Edit: This is not XML, there are many things here that will ruin the XML structure, so I cannot use SimpleXML, etc. I need a regex that parses this.

+4

string php regex

Click upvote Mar 25 '10 at 21:07

source share

7 answers

If it is a simple structure, without nesting:

 preg_split("#</?paragraph>#i", $string);

To ignore empty tokens:

 preg_split("#</?paragraph>#i", $string, -1, PREG_SPLIT_NO_EMPTY);

Source: http://php.net/manual/en/function.preg-split.php

+2

Kobi Mar 25 '10 at 21:12

source share

If you really parse XML, then here is the PHP DOM . You may have a trivial example above, but if you are parsing XML, I would use a dedicated XML API.

0

Brian agnew Mar 25 '10 at 21:11

source share

It looks furiously like XML. If this is true, you should use SimpleXMLElement or any other XML-parcing PHP tool.

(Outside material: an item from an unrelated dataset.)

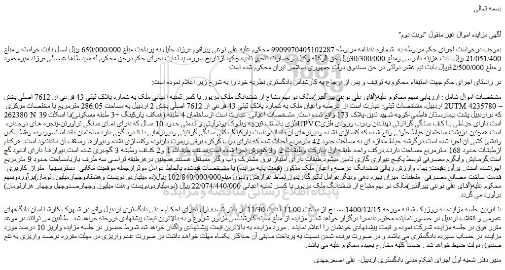 مشخصات اموال شامل : ارزیابی سهم محکوم علیه(آقای علی نوعی پیرآلقیر)مالک دو نهم مشاع از ششدانگ ملک مزبور با کسر ثمنیه اعیانی ملک به شماره پلاک ثبتی 43 فرعی از 7612 اصلی بخش 2 اردبیل، مشخصات ثبتی: عبارت است از عرصه واعیان ملک به شماره پلاک ثبتی 43 فرعی از 7612 اصلی بخش 2 اردبیل به مساحت 286.05 مترمربع با مختصات مرکزی UTM 4235780 – 262380 N 39 که دراردبیل پشت بیمارستان فاطمی-کوچه شهید تدین-پلاک 173 واقع شده است. مشخصات اعیانی: عبارت است ازساختمان 4 طبقه (همکف پارکینگ +3 طبقه مسکونی)با اسکلت فلزی باسقف تیرچه وبلوک یونولیتی و قدمتی حدود 10 سال که دارای نمای سنگی تراورتن-پنجره های دوجداره UPVC است.دارای حیاطی با کف سنگی گرانیتی نهبندان ودرب ورودی فلزی است.همچنین درپشت ساختمان حیاط خلوتی واقع شده که کفسازی نشده ودیوارهای آن فاقداندوداست.پارکینگ کفی سنگی گرانیتی ودیوارهایی با اندود گچی دارد.ساختمان فاقد آسانسوربوده وفقط باکس ونبشی کشی آن اجرا شده است.درگوشه حیاط مغازه ای به مساحت حدود 42 مترمربع احداث شده که دارای درب کرکره برقی ریموت داربوده وکفسازی نشده ودیوارها وسقف آن فاقداندود است. هرکدام ازطبقات حدود 168 مترمربع مساحت دارند.درکف واحد طبقه اول پارکت وطبقات 2 و3 کفپوش اجرا شده است.سقف طبقات 1 و2 کناف وطبقه 3 گچبری شده است.دیوارها دارای اندود گچ است.گرمایش وآبگرم مصرفی توسط پکیج دیواری گازی تامین میشود.طبقات دارای امتیاز برق مشترک وآب وگاز مستقل هستند.همچنین درهرطبقه تراسی سه طرف بازبامساحت حدود 9 مترمربع اجراشده است.. برآوردقیمت: بهاء وارزش ریالی ششدانگ عرصه واعیان ملک مذکور (قیمت پایه مزایده) با مشخصات قیدشده بالحاظ عوامل موثرازجمله موقعیت مکانی- دسترسیها- متراژ-کاربری-قدمت ساخت-مصالح مصرفی- متعلقات-میزان بهره دهی ودیگرعوامل تاثیرگذاربدون لحاظ عوارض ودیون مبلغ102/840/000/000 ریال(ده میلیاردو دویست وهشتادوچهارمیلیون تومان)برآوردوسهم محکوم علیه(آقای علی نوعی پیرآلقیر)مالک دو نهم مشاع از ششدانگ ملک مزبور با کسر ثمنیه اعیانی 22/074/440/000 ریال (دومیلیاردودویست وهفت میلیون وچهارصدوچهل وچهار هزارتومان) برآورد می گردد.

 $xml = new SimpleXMLElement('<root>' . $paragraphs . '</root>'); foreach($xml->paragraph as $paragraph) { // do stuff to $paragraph; it strval is the contents of the paragraph }

0

zneak Mar 25 '10 at 21:11

source share

Well, you should use an XML parser like SimpleXML or XMLReader .

However, if you want to hack something, the following will work:

 $string = str_replace("<paragraph>", "", $string); $string = str_replace("</paragraph>", "", $string); $paragraphs = explode("\n", $string);

This will work as long as you have one item per line. If you have everything on one line, replace the second line of code above:

 $string = str_replace("</paragraph>", "\n", $string);

Good luck

0

Mike cialowicz Mar 25 '10 at 21:13

source share

So, assuming you have some things in the paragraphs that will violate the XML format, or you just want to learn a little more about parsing regular expressions, this should do the job for the example you are using posted. This is not particularly cool, but why people like to use XML because it has received formal syntax that simplifies the analysis. or easier, anyway. In particular, this decision depends on the line that is analyzed starting with the paragraph tag and ending with the paragraph closing tag, as well as where there is nothing but spaces between each pair of paragraphs. This is a very literal solution to your problem with an example. But since this is the only existing specification document for your custom data format, this was the best I could do :)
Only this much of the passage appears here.